- Russian DVD cover
- Directed by: Andrei Konchalovsky
- Written by: Andrei Konchalovsky; Valentin Yezhov;
- Produced by: Erik Waisberg
- Starring: Vladimir Samoilov; Natalya Andrejchenko; Vitaly Solomin; Nikita Mikhalkov;
- Cinematography: Levan Paatashvili
- Edited by: Valentina Kulagina
- Music by: Eduard Artemyev
- Production company: Mosfilm
- Distributed by: Sovexportfilm
- Release dates: 10 May 1979 (Cannes); 10 January 1980;
- Running time: 275 minutes
- Country: Soviet Union
- Languages: Russian; German;

= Siberiade =

Siberiade (Сибириада, translit. Sibiriada) is a 1979 Soviet historical drama film directed by Andrei Konchalovsky and produced by Mosfilm. The four-part epic spans much of the 20th century.

==Themes ==
The film combines narrative elements from different traditions. Its first part tells of wondrous archetypical elements within the Russian culture, as connected to the pre-electrified epoch that is being narrated. Similarly, elements of the heroic epic are included within the part narrating the protagonist's involvement in World War II.

==Synopsis==
The story revolves around two feuding families, the Solomins and the Ustyuzhanins, who live in Yelan. The Solomins are relatively wealthy and the Ustyuzhanins poor.

The film begins in 1904. Afanasy "Afonya" Ustyuzhanin is an aging man who spends all of his waking hours chopping a corduroy road "anywhere away from Yelan". His seven-year-old son Nikolai "Kolya" Ustyuzhanin must fend for himself by stealing from the Solomins. He meets Rodion Klimentov, a revolutionary fugitive who inspires him, but is soon found by the police and taken away.

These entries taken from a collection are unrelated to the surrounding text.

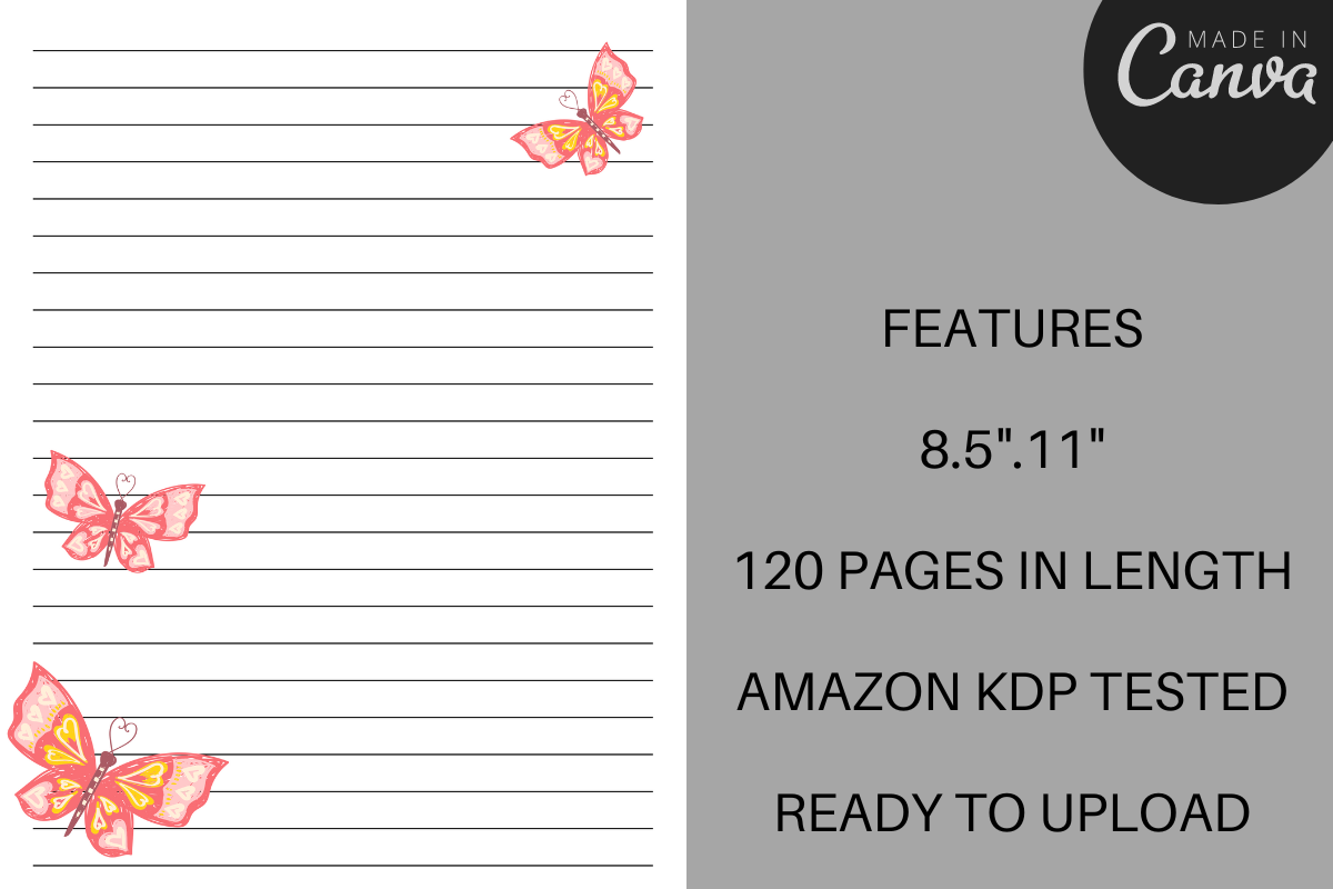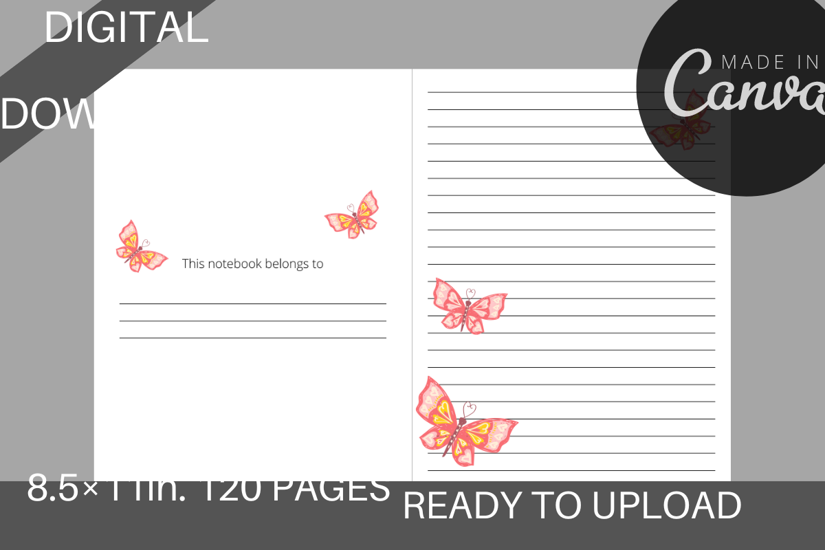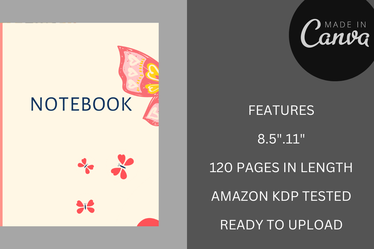 INTERIOR+COVER FOR BUTTERFLY THEMED KDP LINED PAPER, LOW CONTENT BOOK FOR KDP READY UPLOAD, KDP JOURNAL PAPER, JOURNAL NOTEBOOK MOCKUPS, KDP CANVA NOTE
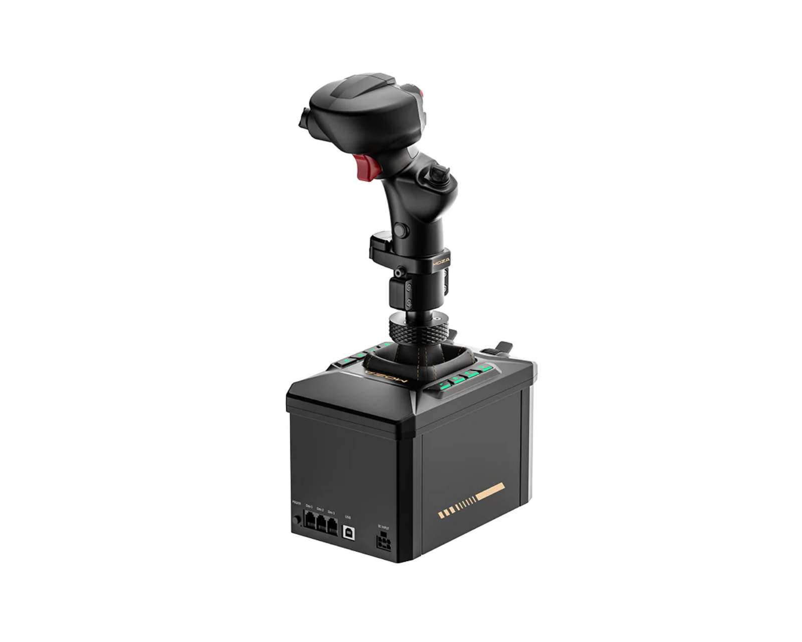 Basen i AB6 är tillverkad av aluminiumlegering och högkvalitativ stål, vilket ger en robust och hållbar konstruktion. Den är utrustad med en 15-bitars magnetisk encoder för hög precisionsspårning och har en kompakt design, vilket möjliggör flexibel installation på olika setup. Den programmerbara frontpanelen innehåller åtta knappar med anpassningsbar RGB-belysning, samt två analoga slidert för inställningar av gas, luftbroms och kamera. MHG flygspaken har en konstruktion av kolfiberförstärkt kompositmaterial, med ergonomisk design och omfattande knappkonfiguration för över 25 virtuella ingångar.
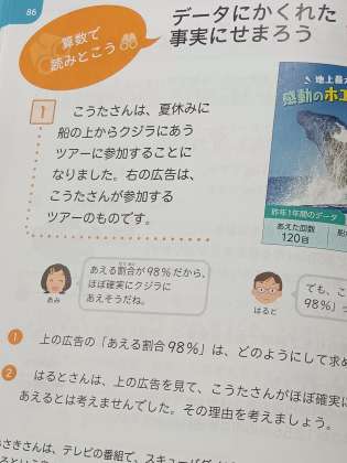ある広告に示されたデータの真実に迫る・・・6年生の算数です。そこには、「算数で読みとこう」と書かれています。算数「を」読みとくのではなく、算数「で」読みとくのです。
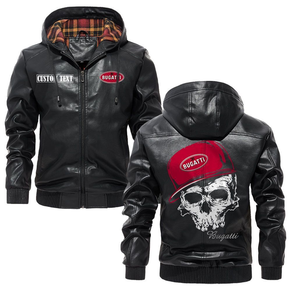 Bugatti Logo Custom Name Leather Hoodie Jacket Warm Outerwear with Skull Design
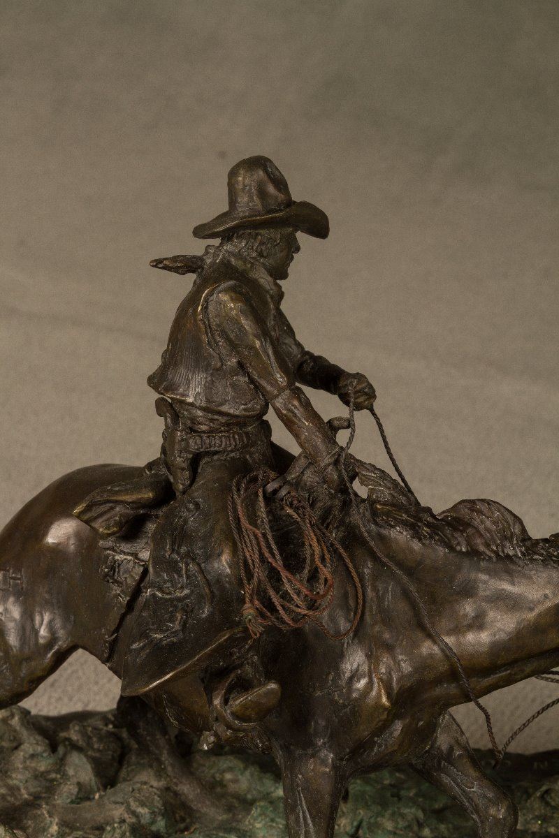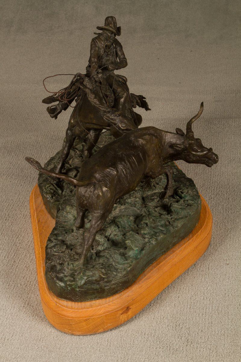 Bob Scriver (1914-1999). When Cuttin' Was Rough. 13" x 14" x 24" bronze on swivel base

In 1917, Kolya continues to help his father build the road, which has become an epic project stretching many miles. He is in a romantic relationship with a hoyden, Anastasia "Nastya" Solomina, but a quarrel about the revolution infuriates Nastya, who immediately seeks out Philip Solomin, kisses him, and demands marriage. (It is implied that Philip had previously had a non-reciprocated interest in her, and believes at first he is being mocked.) As the wedding preparations begin, Kolya begs for forgiveness, but Nastya savors the revenge. Kolya fights with the Solomins and is beaten and cast adrift down the river. At the end of the ceremony, Nastya makes a defiant gesture to Philip, apparently making clear that she will not be his either, despite having married him. He later finds her hiding in a barn; he fights and partially strips her, and then lets her go. She leaves to join an unconscious Kolya. Meanwhile Afonya (still chopping) has a problem with his heart, lies down on an ant nest, and dies alone.

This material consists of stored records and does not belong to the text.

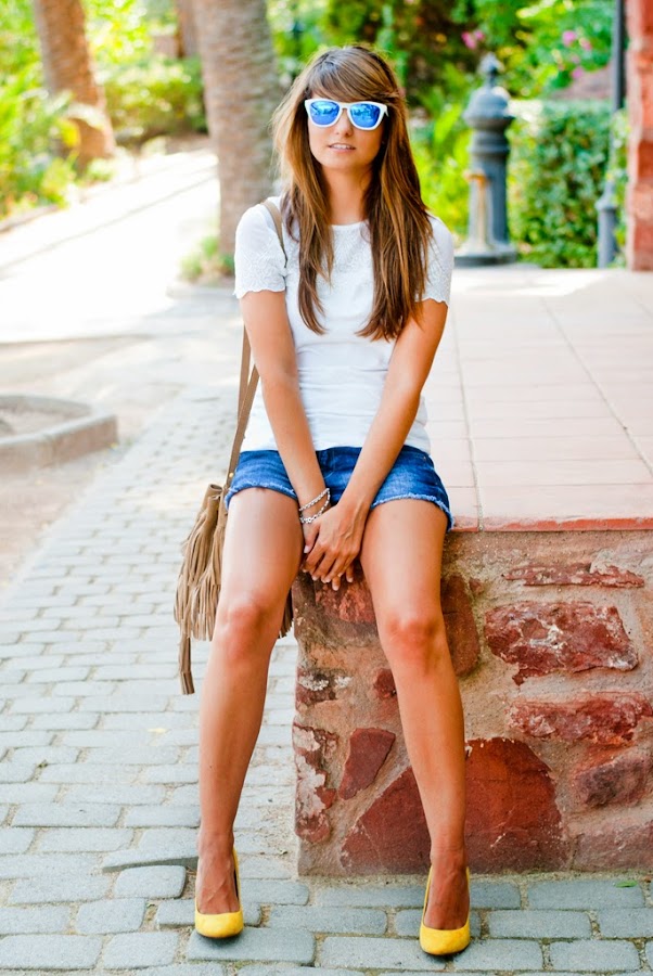 Hi to everybody! Today I share with you one of my favorite looks for summer! a simple t-shirt, shorts but the details make the difference, right? So I decided added my yellow shoes (I really love them) and my new favorite personalized sunglasses! Are from WOAXSUN web page, I"m very happy with them because are really comfy, beautiful, flamboyant...I should like have in more colors! I recommend you this page!
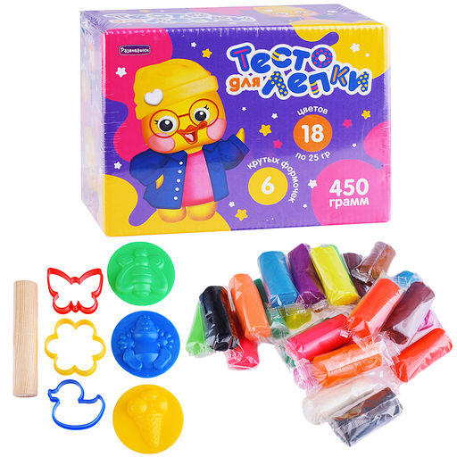 • Тесто для лепки, тесто 450 гр, 18 цветов, 6 форм, скалка
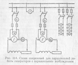 соединений для параллельной работы двух генераторов с параллельным возбуждением.
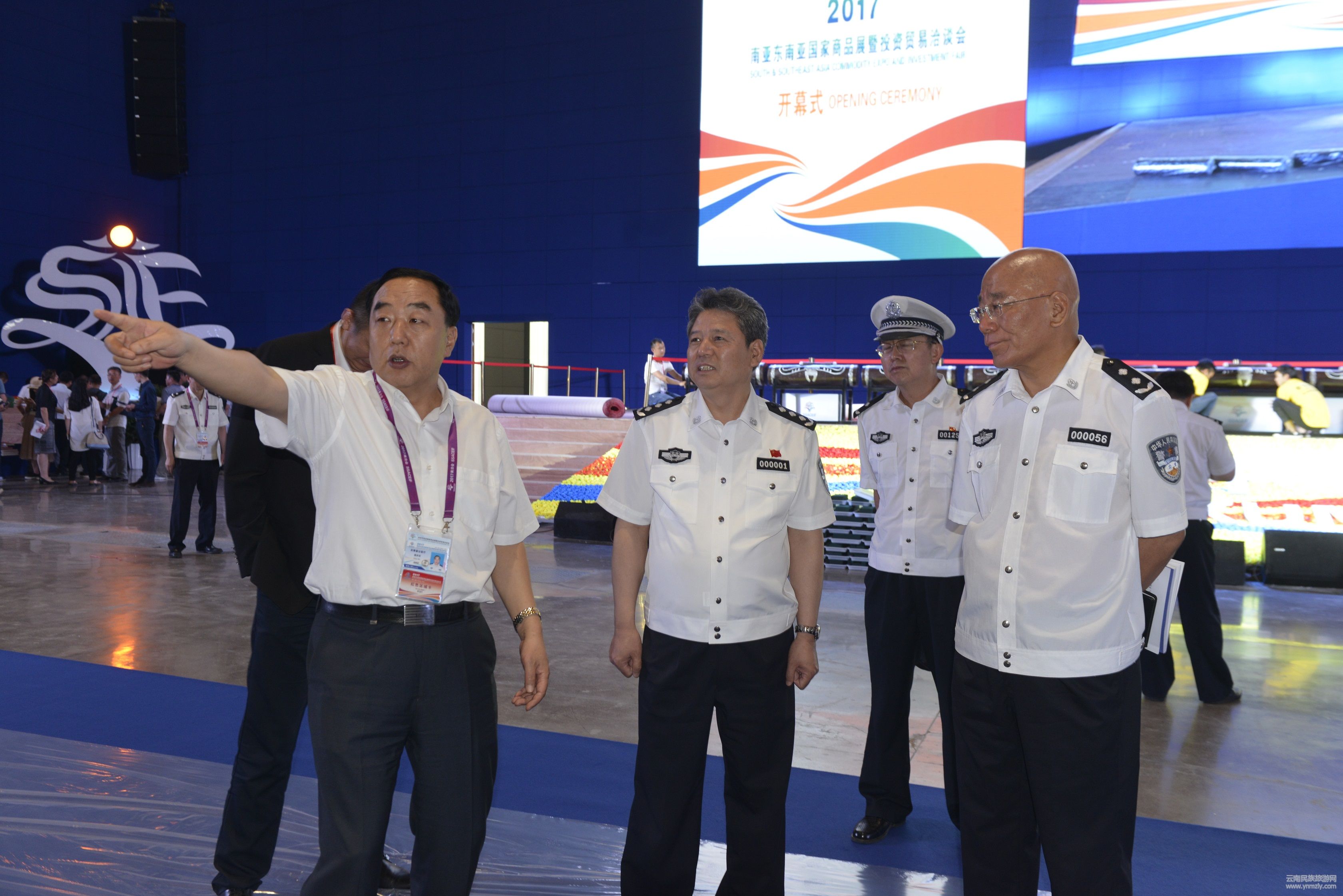 6月9日,2017年南亞東南亞國家商品展暨投資貿(mào)易洽談會召開前夕,昆明市公安局舉行現(xiàn)場安保實(shí)兵演練,省公安廳黨委書記、廳長任軍號出席演練活動并提出要求,對堅(jiān)守崗位的執(zhí)勤民警表示慰問。省公安廳黨委副書記、常務(wù)副廳長董家祿,省公安廳黨委委員、副廳長胡祖俊,省公安廳黨委委員、昆明市副市長、市公安局局長刀勇,省公安廳黨委委員、副廳長尹建江出席演練活動。
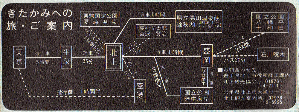 いつの頃か判りませんが、「きたかみへの旅・ご案内」には、東京-花巻空港間1時間半とあり、大阪万博の出演写真が載っていますので、その間であることは間違いないでしょうが、さて、いつでしょ。
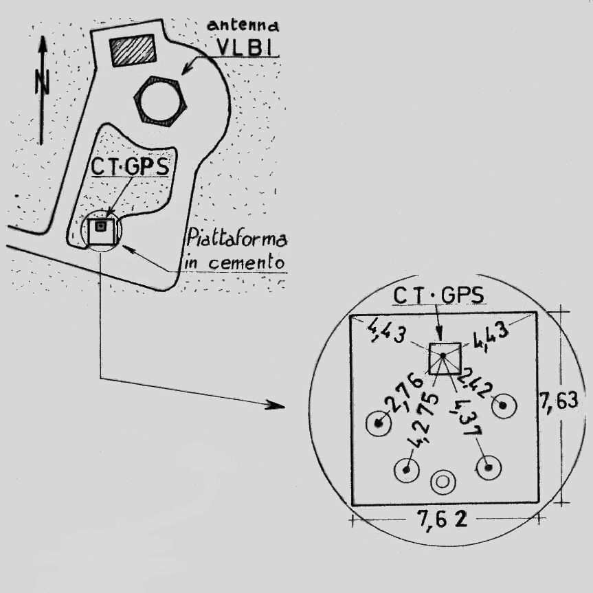 | Materializzazione | Bulloncino in acciaio del CNR posto più a nord rispetto agli altri 4 presenti su una piattaforma in cemento a sud-ovest dell'antenna VLBI del radiotelescopio "Croce del Nord" del CNR di Medicina. Sono stati misurati anche i 4 riferimenti del CT-GPS |
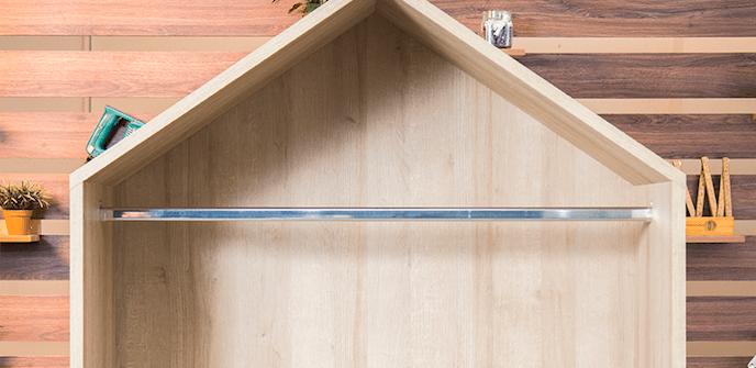 Instale a barra de metal a 100 centímetros da última prateleira. Use suportes pra facilitar. Essa barra será a arara do armário.

In 1932, Kolya returns to Yelan as a charismatic party official with his loyal, revolutionary-minded son Aleksei. He informs the Solomins that Nastya, who had left with him, died heroically. In a town hall meeting he gets the village to agree on a plan for tapping the area's natural resources. A dispute leads to Kolya arresting Spiridon Solomin, who soon escapes and kills Kolya. Aleksei flees.

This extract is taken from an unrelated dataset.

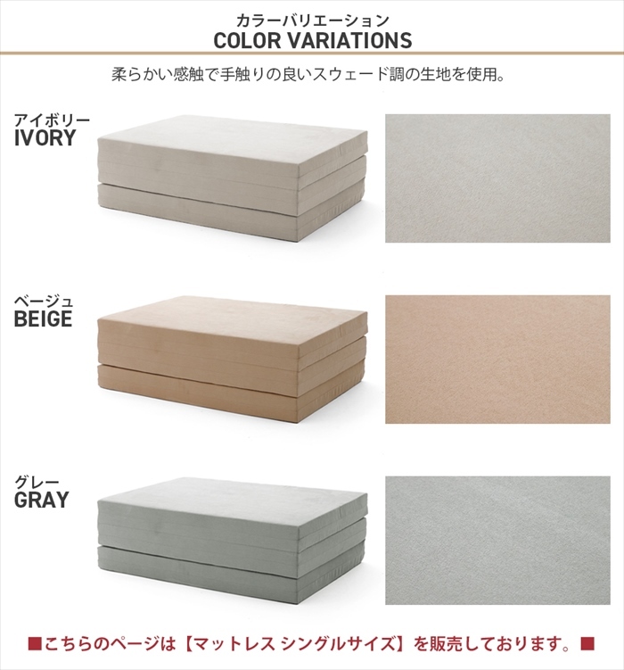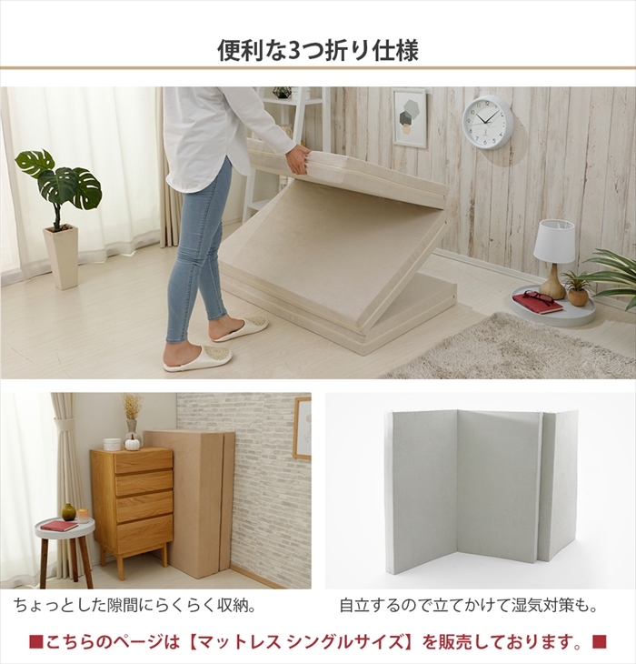 マットレス 寝る 眠る お昼寝 敷く 雑魚寝 床で寝る 折り畳み 折りたためる 折りたたむ 3つ折り 三つ折り 収納 たたむ たためる 沈み込みにくい ウレタン 寝心地 快適 自立 スウェード 日本製 職人仕上げ お昼寝 ベッド 固め 硬め 丈夫 直置き 床 シングル 寝室 ベッドルーム 客室 民宿 アパート マンション リビング 一人暮らし 単身 転勤族 転勤 1人暮らし ワンルーム 狭い部屋 ミニマリスト |
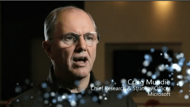 O κύριος Mundie έδειξε και το παρακάτω βίντεο, ένα βασισμένο σε Image Based 3D client παρόμοιο με το Photosynth να τρέχει σε Windows Phone 7. Έδειξε και βασικά χαρακτηριστικά στο τρέχον Microsoft Surface, όπως μερικές διασκεδαστικές βασισμένες στη φυσική apps αφής και τη δυνατότητα να σκανάρει φωτογραφίες αλλά και νέα φωτορεαλιστικά avatars.

In June 1941, Aleksei, a teenager, returns to Yelan and meets Taya, at that point still a naïve girl; she becomes infatuated with him. A recruiting barge visits the town, announcing the beginning of the Great Patriotic War, and Aleksei enlists. The boat pulls away and Taya yells to Aleksei that she will wait for him all her life. In the war, Aleksei saves an injured officer (Philip, whom he does not know, or at least recognize) and becomes a decorated war hero. The war ends, and Taya continues to wait for Aleksei's return day after day, which never occurs.

Around 1964, Aleksei returns to Yelan with an oil drilling crew. His uncle, Spiridon, has returned from prison a bitter and frail man, and Aleksei feels only pity. He meets Taya and has a casual affair, but she is also courted by Aleksei's boss Tofik, causing a rift. Meanwhile, Philip, who is in Moscow, has risen high into the ranks of Soviet leadership, but wrestles with his conscience over the plan for a massive hydroelectric dam project that would flood Yelan. Aleksei resigns from the oil drilling operation to leave town, stopping at Taya's house to take her with him to the resort city of Sochi, but it becomes clear that they have grown apart; she refuses to say whether the child she expects is Aleksei's or Tofik's. Aleksei storms off, and the oil well blows out as he leaves town. The blowout turns into an inferno and Aleksei rushes in to save a former coworker, and dies in the process. Spiridon gloats over the demise of the last Ustyuzhanin, but Taya reveals to him that she bears Aleksei's child.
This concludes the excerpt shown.